His estranged son, Ronan Farrow, shared a Pulitzer prize for his New Yorker investigations into alleged serial abuser Harvey Weinstein. Meanwhile, many of the actors Allen has cast—including Greta Gerwig, Ellen Page, and Timothy Chalamet—have expressed various forms of regret about working with the director in spite of the allegations from his adopted daughter, Dylan Farrow, that he sexually abused her 25 years ago. Allen was never formally charged, though the judge in the New York case described the Allen’s behavior towards Dylan as “grossly inappropriate.”

Last night, Allen finally broke his silence on the topic on the Argentinian news program Periodismo Para Todos, “journalism for all.” Investigative journalist Jorge Lanata interviewed Allen on a range of topics from the allegations facing him as well as the Me Too movement at large. And Allen had much to say.

On the allegations coming from Dylan Farrow, Allen says he was distressed that they had been resurfaced in the wake of the Me Too movement.

Of course not, I mean this is just so crazy. This is something that has been thoroughly looked at 25 years ago by all the authorities and everybody came to the conclusion that it was untrue. And that was the end and I’ve gone on with my life. For it to come back now, it’s a terrible thing to accuse a person of. I’m a man with a family and my own children. So of course it’s upsetting.

On the topic of Me Too, Allen said he should be considered “the poster boy for the Me Too movement” thanks to the lack of allegations from actresses he has worked with.

I think in any situation where anyone is accused of someone unjustly, this is a sad thing. I think everybody would agree with that … Everyone wants justice to be done. If there is something like the Me Too movement now, you root for them, you want them to bring to justice these terrible harassers, these people who do all these terrible things. And I think that’s a good thing.

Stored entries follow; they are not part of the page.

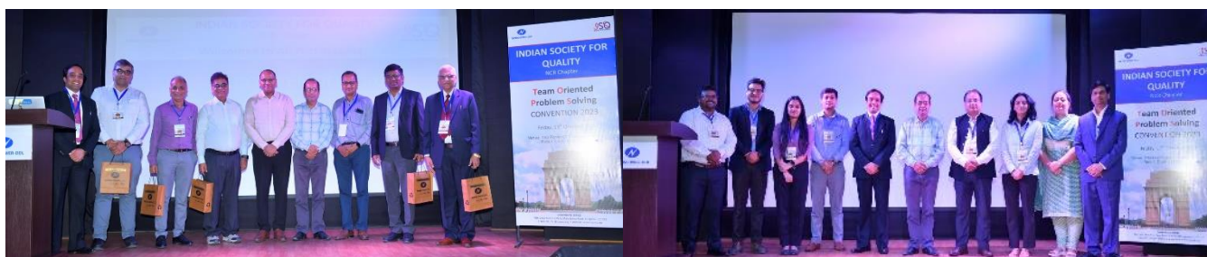
Jury members with Chief Guests
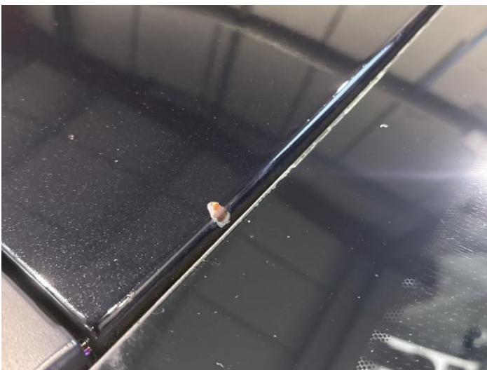
19: Roof Chipped Over 5mm
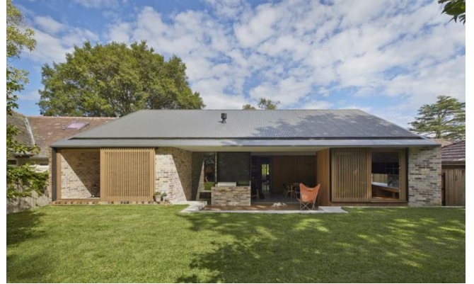
House Alteration & Addition over 200 m 2 'Skylight House' by Andrew Burges Architects NSW
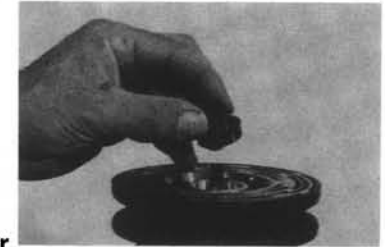
O-RING INSTALLATION GUIDE
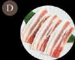
D1. 霧島黑豚腩肉 Kirishima Kurobuta Belly Level 1: 2片 pcs Level 2: 2片 pcs Level 3: 3片 pcs
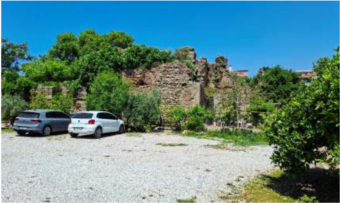
Possible Roman ruins, literally in the back garden of a local restaurant.
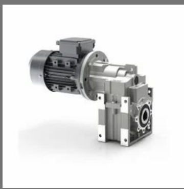
Parallel Shaft Helical Gearbox
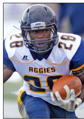
NC A&T Sports Photo
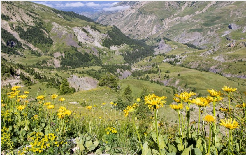
Vue depuis le col de la Coupa
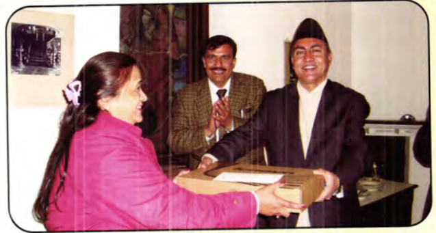
Education Secretary handing over the equipments to the chief librarian.
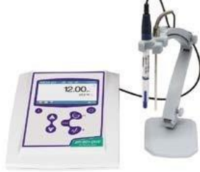
PH 80 Benchtop digital microprocessor-based pH meter and ionometer
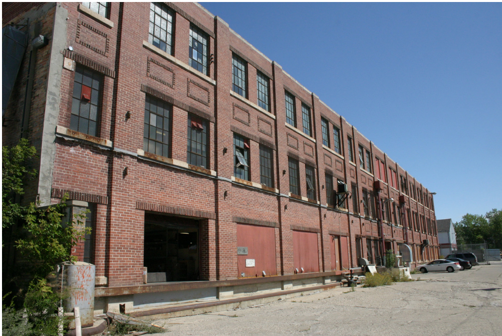
765 Main Street, south side
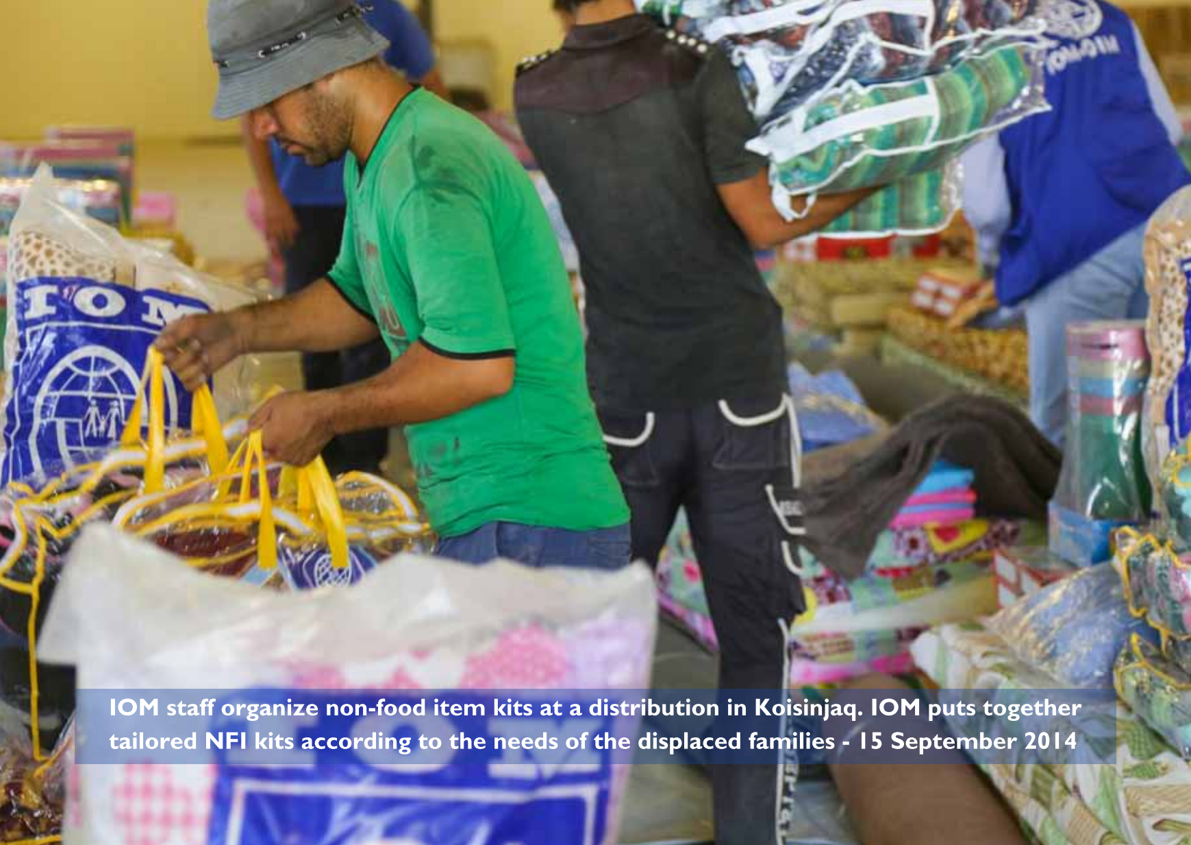
IOM staff organize non-food item kits at a distribution in Koisinjaq. IOM puts together tailored NFI kits according to the needs of the displaced families - 15 September 2014

What bothers me is that I get linked with them. People who have been accused by 20 women, 50 women, 100 women of abuse and abuse and abuse— and I, who was only accused by one woman in a child custody case which was looked at and proven to be untrue, I get lumped in with these people.

As I say I’m a big advocate of the Me Too movement. I feel when they find people who harass innocent women and men, it’s a good thing that they’re exposing them. But you know I, I should be the poster boy for the Me Too movement. Because I have worked in movies for 50 years. I’ve worked with hundreds of actresses and not a single one—big ones, famous ones, ones starting out—have ever ever suggested any kind of impropriety at all. I’ve always had a wonderful record with them.

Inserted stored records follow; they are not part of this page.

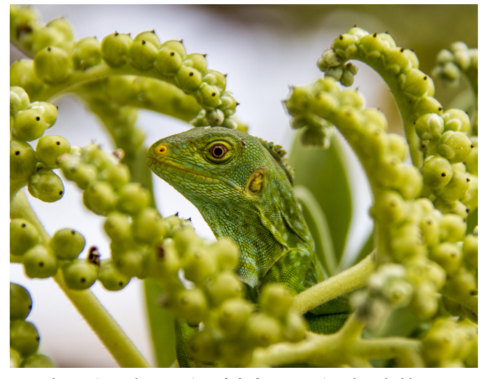
Juvenile Fiji Crested Iguana ( Brachylophus vitiensis ) at the Likuliku Lagoon Resort in 2015.

3 eggs at any one time (each egg is around 4 cm long and 2 cm wide) and they take nine months to incubate, the longest incubation period known for any iguana.
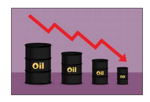
Crude oil price
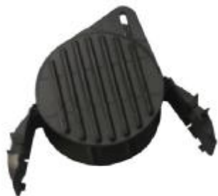
Protection box to be clipped on 5/35
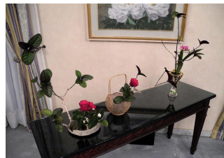
IKEBANA work 3
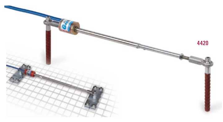
Model 4420 Crackmeter (inset: configured with special clamps for attachment to geogrids).

Special versions of the Model 4420 are offered including low profile models (Model 4420-3); versions for underwater use, where water pressures exceed 1.7 MPa; and versions for use in cryogenic or elevated temperature regimes (please contact GEOKON for details).
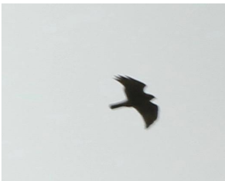
Our first American Goshawk in three years!
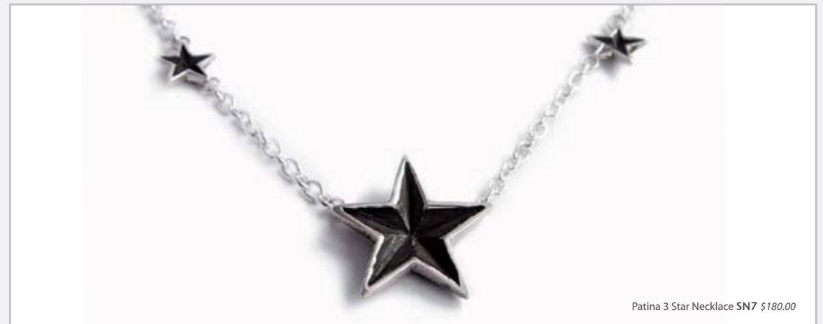
Patina 3 Star Necklace SN7 $180.00
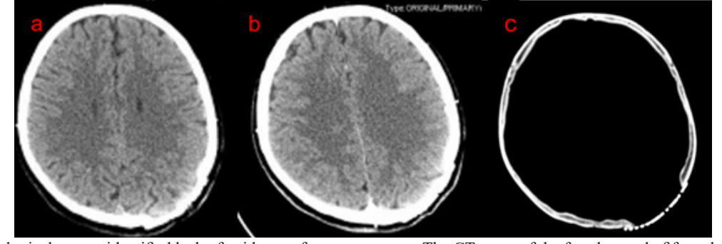
Figure 3: Follow-up radiological survey identified lack of evidence of recurrence. a–c. The CT scans of the fourth month, fifteenth month, and second year after surgery, respectively.
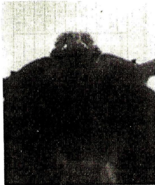
Fig. 1. Anterior part of adult Boophilus annulatus spp. showing the short mouth parts.

The interview also covered Allen’s iconic (and now, somewhat problematic) film Manhattan, which features a young girl, played by Mariel Hemingway who enters a relationship with a man many years her senior, played by Allen.

When I made Manhattan, Marshall Brickman and I who wrote the script, we just thought it was funny. We though it’d give us an opportunity to make many jokes, you know with an older man and a younger woman—we thought constantly making jokes where the girl doesn’t know what the man is talking about and where his references are his generation’s and her references are hers. But that was all we thought, we thought it was a funny idea.”